One of the referendums will be on the abolition of the Seanad, another will allow for changes in the patent law and the third will allow for reform of the court system.

At its meeting last week the Cabinet decided in principle to proceed with the three referendums in the autumn.

Taoiseach Enda Kenny writing in today’s Irish Times has repeated his pledge to hold a referendum to abolish the Seanad in the autumn.

An Irish Times opinion poll last month showed strong support for the Government’s decision to abolish the Upper House.

When undecided voters were excluded, 74 per cent of people said they would vote Yes to abolish the Seanad, with just 26 per cent saying they would vote No.

A number of prominent figures, including former tánaiste Michael McDowell and former senator Joe O’Toole, have announced that they will be campaigning against the Government’s plan to abolish the Seanad.

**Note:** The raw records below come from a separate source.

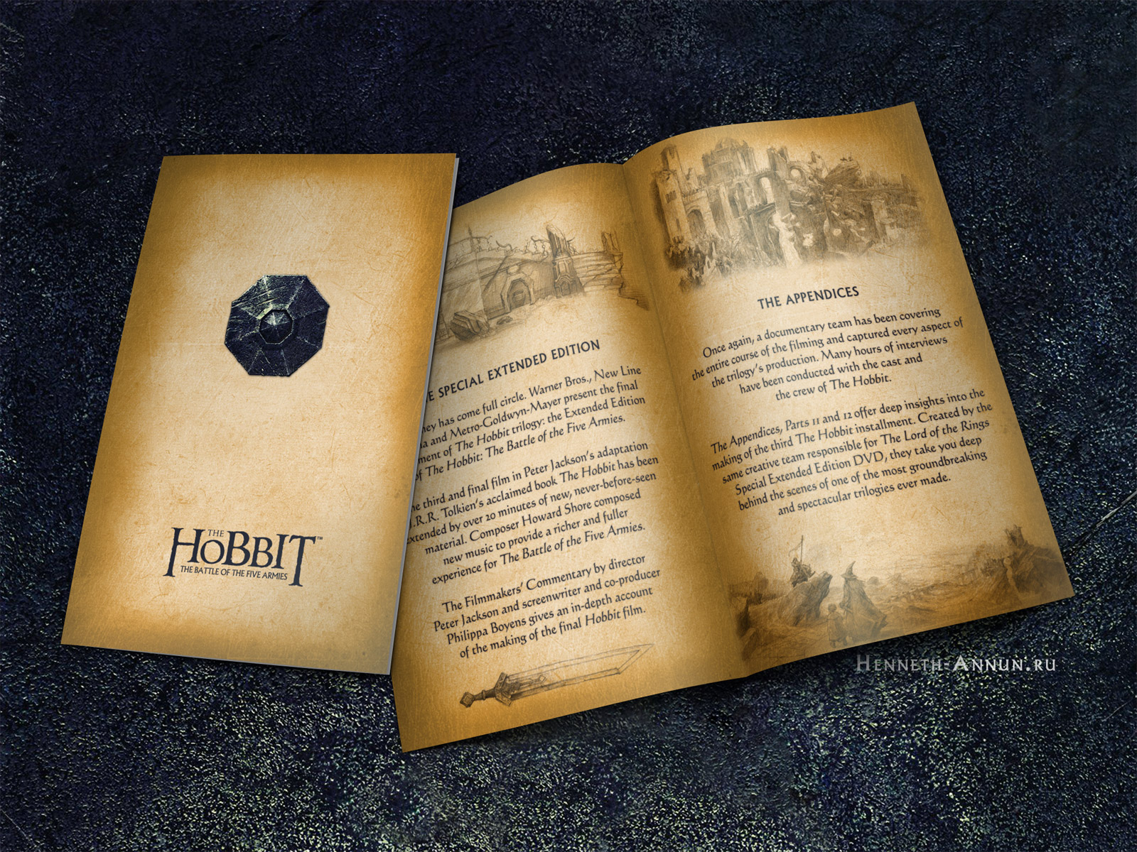 As some fans like consistency in their collections, the chief editor of the Russian tolkien website Henneth-Annun.ru, Pete “TheHutt” Klassen, began the non-commercial “Unexpected Booklet” project two years ago — designing fan booklets for The Hobbit SEEs. Each year, a new booklet was created for “The Hobbit” using the well-known LOTR SEE look and feel as well as illustrations by John Howe and Alan Lee. It is entirely free for download and self-printing, released under the Fair Use clause.
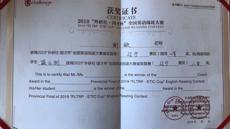 在2019年“外研社·国才杯”全国老员工英语挑战赛(辽宁省赛区复赛)的演讲、阅读、写作三项单项比赛中,云顶7610线路检测2017级翻译专业张一楠同学获得演讲赛一等奖、2016级英语专业肖萌同学获得演讲赛二等奖;2017级英语(师范)专业戚云俐同学获得阅读赛二等奖;2016级英语(师范)专业王国琪同学获得写作赛二等奖。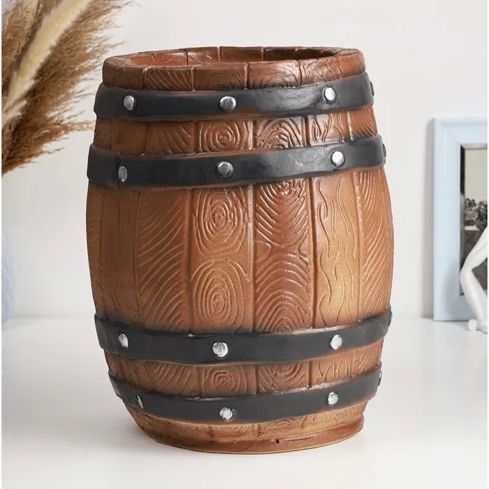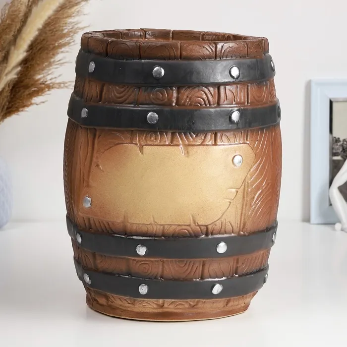 Стильная и надежная копилка в форме бочки — это не просто место для хранения монет, а настоящий акцент интерьера. Ее строгая геометрия и мягкий коричневый оттенок идеально вписываются как в домашнюю обстановку, так и в офисное пространство. Изготовленная из прочного гипса и покрытая защитным лаком, эта модель сочетает в себе эстетику и долговечность.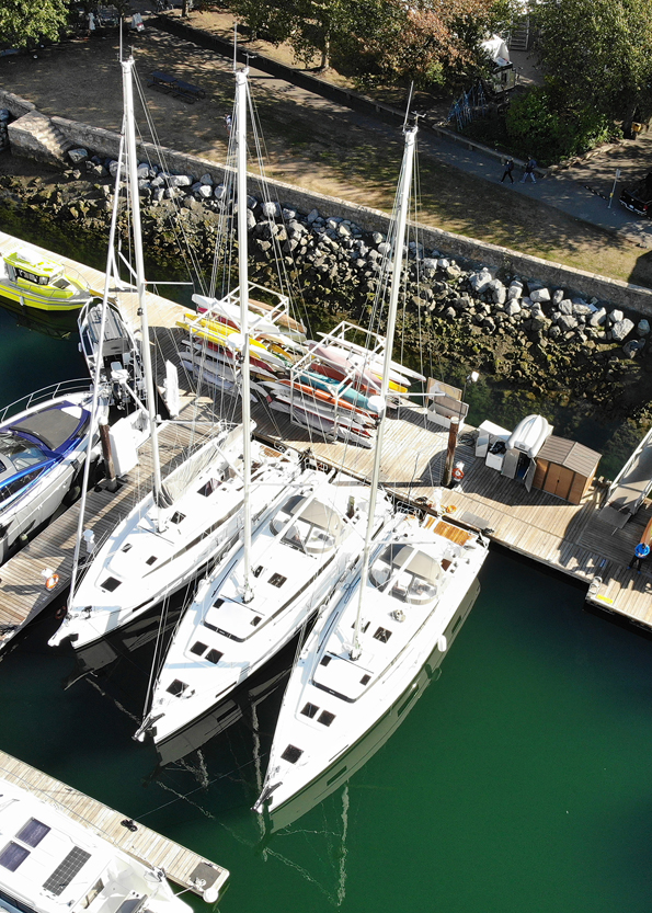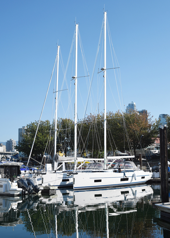 “Nous savions depuis un certain temps que les nouveaux bateaux allaient arriver, mais maintenant qu’ils sont gréés à Vancouver, ils ne sont plus seulement une idée : ils sont devenus quelque chose de tangible “, a déclaré le Lieutenant de vaisseau (Ltv) Ellery Down, responsable du programme de voile de la MRC. Ellery Down, coordonnateur du programme de voile de la MRC, lors d’une récente inspection des deux voiliers Bavaria C45, qui n’ont pas encore été baptisés, dans les locaux d’un entrepreneur sur l’île Granville.

The referendum on patent law is required to enable the country to ratify the new European-wide patent system which is expected to come into force next year.

The transfer of judicial powers to the new centralised court for patent litigation requires an amendment to the Constitution.

Last month EU ministers signed the unified patent court agreement, which sets out the framework for a new centralised court to deal with European patent law. It marks a key stage in the move towards an EU-wide system for patents, a proposal that has been discussed in various forms for close to 40 years.

While the establishment of the court is an important step in the journey towards a unitary patent system for Europe, the agreement still needs to be ratified by member states and extensive technical discussions need to take place.

The third referendum will allow for the creation of a civil court of appeal and specialist courts such as a dedicated family law court.